Indexing Moving Objects

Driver locations update continuously (every 4 seconds for a ride-sharing fleet). A database index optimized for reads (R-tree, geohash) is expensive to update at high write rates — every driver position update requires index modification. Pattern: write location updates to an in-memory store (Redis geo sorted set) optimized for point updates. The location database (PostgreSQL + PostGIS) is updated less frequently or used for historical queries. Read path: GEOSEARCH on Redis for real-time nearby queries. Write path: GEOADD on Redis (O(log N)); async sync to the database for persistence. This separates the real-time location index (Redis) from the persistent location history (database).

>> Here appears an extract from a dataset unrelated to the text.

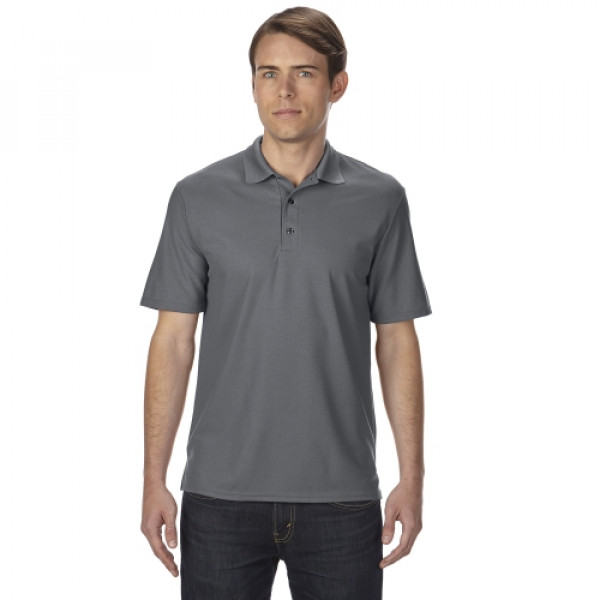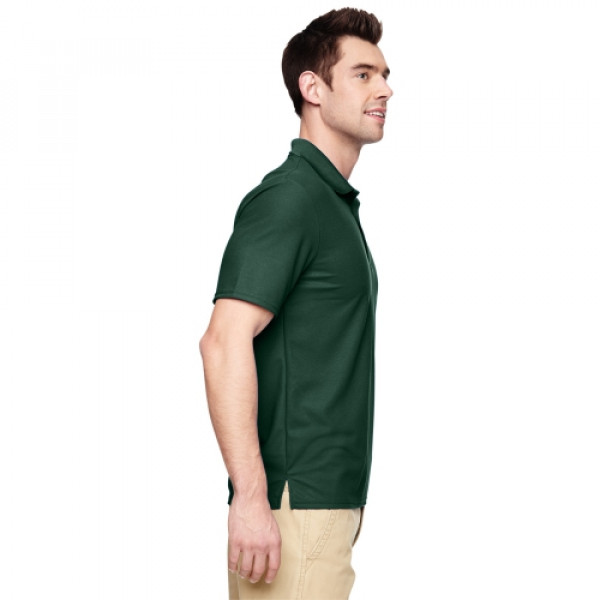 Fabric:::100% polyesterFeatures:::Clean finished three-button placket with reinforced bottom box::Contoured welt collar; moisture-wicking::Heat transfer label::Sideseamed with side vents::Joker label on sideseam::Double-needle sleeve and bottom hem::Color matched pearlized buttons

Proximity Matching Architecture

A proximity matching system (rider requests a ride → find nearest available driver) must complete in under 1 second. Architecture: drivers publish location updates to a geo index service (Redis geo); when a rider requests a ride, the matching service queries GEOSEARCH for the nearest N available drivers within M km; the matching service contacts each driver candidate in parallel via gRPC and offers the ride; the first driver to accept is matched; unmatched candidates are tried in order. Sharding: for city-scale deployments, one Redis instance per city (partition by geographic region) — no cross-region geo queries needed. Monitor: match latency (p99 N% indicates supply shortage in a region).

Geofencing

Geofencing determines whether a location is inside or outside a defined geographic boundary (airport pickup zone, delivery area, restricted zone). Point-in-polygon test: ray casting algorithm — cast a horizontal ray from the point and count how many polygon edges it crosses (odd = inside, even = outside). For simple convex regions, use bounding box pre-filter (reject obvious misses before expensive polygon test). Index geofences for “which geofences does this point fall in?”: store each geofence as a PostGIS polygon; spatial index query ST_Within(point, geofence_polygon). For real-time geofence entry/exit events, compare the current and previous location against all relevant geofences on each location update — trigger events when status changes from outside to inside.